Il était impossible pour les dirigeants plus âgés d’en ignorer l’importance.
Dans une autre vie, les jeunes magnats des médias se tenaient de part et d’autre des tranchées pendant la guerre de la Super League. Murdoch était un lieutenant clé de la ligue rebelle tandis que Packer protégeait les intérêts de son père, Kerry, propriétaire de la chaîne de télévision Channel Nine.
Les Sea Eagles célèbrent leur victoire contre South Sydney à Las Vegas.Crédit: Getty
L’un des principaux arguments de vente de la Super League était qu’elle allait amener le jeu dans le monde entier, en particulier en Chine, selon le directeur général John Ribot. Tout le monde s’en est moqué et a dit que c’était tout simplement idiot.
Les voilà désormais, Murdoch et Packer, dans la même suite privée, à Las Vegas, dans un stade de la NFL dont la construction a coûté 2 milliards de dollars, regardant deux matchs de rugby à XV.
Auraient-ils pu savoir dans les années 1990 que ce jour viendrait un jour ? L’un d’entre nous pourrait-il le faire ?
Non, nous ne pouvions pas, mais la vision du président de la commission de l’ARL, Peter V’landys, ainsi que d’une équipe de la LNR qui travaille dur et des quatre clubs, a rendu cela possible.
Depuis des mois, V’landys insiste auprès de tout le monde sur le fait que l’expérience de Vegas serait payante, rapportant des dizaines de millions de dollars en revenus de paris et en droits de diffusion internationaux. Environ 200 millions de dollars sur cinq ans, prédit-il.
Mais lorsque je l’ai coincé à l’arrière du terrain de jeu et que nous avons regardé la foule massée, il s’est montré particulièrement prudent.
« Cela semble toujours surréaliste », a-t-il déclaré. « Quand nous rentrerons tous à la maison, je me sentirai mieux. Venez me voir mercredi. Mais je reçois des SMS de gens à Sydney disant que l’atmosphère se fait sentir. [on] la télé. C’est juste un autre niveau. C’est ce que le jeu mérite.
Était-ce la scène qu’il avait envisagée en avril dernier lorsque l’idée de Vegas a été signalée pour la première fois ?
« Mieux », dit-il. « Le sol génère beaucoup plus d’énergie que ce à quoi je m’attendais. »
Le premier indicateur du succès était la foule.
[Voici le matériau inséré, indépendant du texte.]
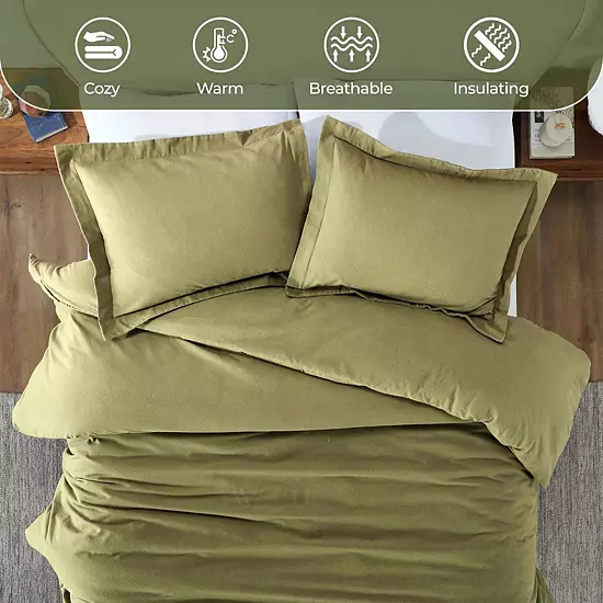 Elevate your style with the distinctive look of this SUPERIOR Rome flannel cotton solid duvet cover set.

Un chiffre de 38 853 a été affiché pour le premier match, une victoire divertissante 36-24 contre Manly après une première mi-temps piétonne.
Pour le deuxième, un chiffre de 40 746 a été affiché pour les Roosters lors de leur victoire 20-10 contre les Broncos.
La LNR ne saura pas avant des années si son expérience à Vegas se révélera être un voyage ridiculement coûteux pour des garçons à Sin City ou une entreprise qui rapportera des récompenses financières pendant des décennies.

Reece Walsh célèbre un essai lors de la défaite des Broncos face aux Roosters lors du deuxième match.Crédit: PA
V’landys veut tirer profit du marché en plein essor des paris sportifs aux États-Unis, qui a été légalisé dans de nombreux États après que la Cour suprême a annulé la législation l’interdisant.
« Nous n’en connaîtrons pas les bénéfices avant trois à quatre ans », a déclaré V’landys. «Lorsque la ligue de rugby a essayé de s’implanter ici auparavant, elle n’avait jamais eu la technologie, les paris sportifs, que nous avons aujourd’hui. Nous avons une opportunité maintenant. Si nous parvenons à pénétrer le marché à hauteur de seulement 0,01 pour cent, cela représente des dizaines de millions de dollars.
« Cela n’arrivera pas du jour au lendemain, mais c’est un sacré bon début. Pour moi, le succès est un revenu. Ce n’est pas un stade plein, ce sont des revenus que je peux réinvestir dans le jeu pour développer le jeu. »
Les craintes que les matches ne se transforment en une fête entre attaquants au milieu du parc, en raison d’un terrain de plus en plus étroit, ne se sont pas concrétisées.
En effet, certaines choses ne changent jamais, quel que soit le lieu où se déroule le match.
Pour Manly, il s’agissait d’un retour triomphal de blessure pour l’arrière Tom Trbojevic, mais la victoire a eu un coût, l’ailier Jason Saab souffrant d’une blessure aux ischio-jambiers.
Pour les Roosters, le capitaine et arrière James Tedesco a répondu aux théories selon lesquelles son meilleur football était derrière lui avec une démonstration imposante.
Ensuite, il y a le président des Roosters, Nick Politis, qui a été entendu crier fort en faveur de Saab lorsqu’il a fait une pause – parce qu’ils jouaient aux Souths.
Certaines choses ne changent jamais. Comme la haine.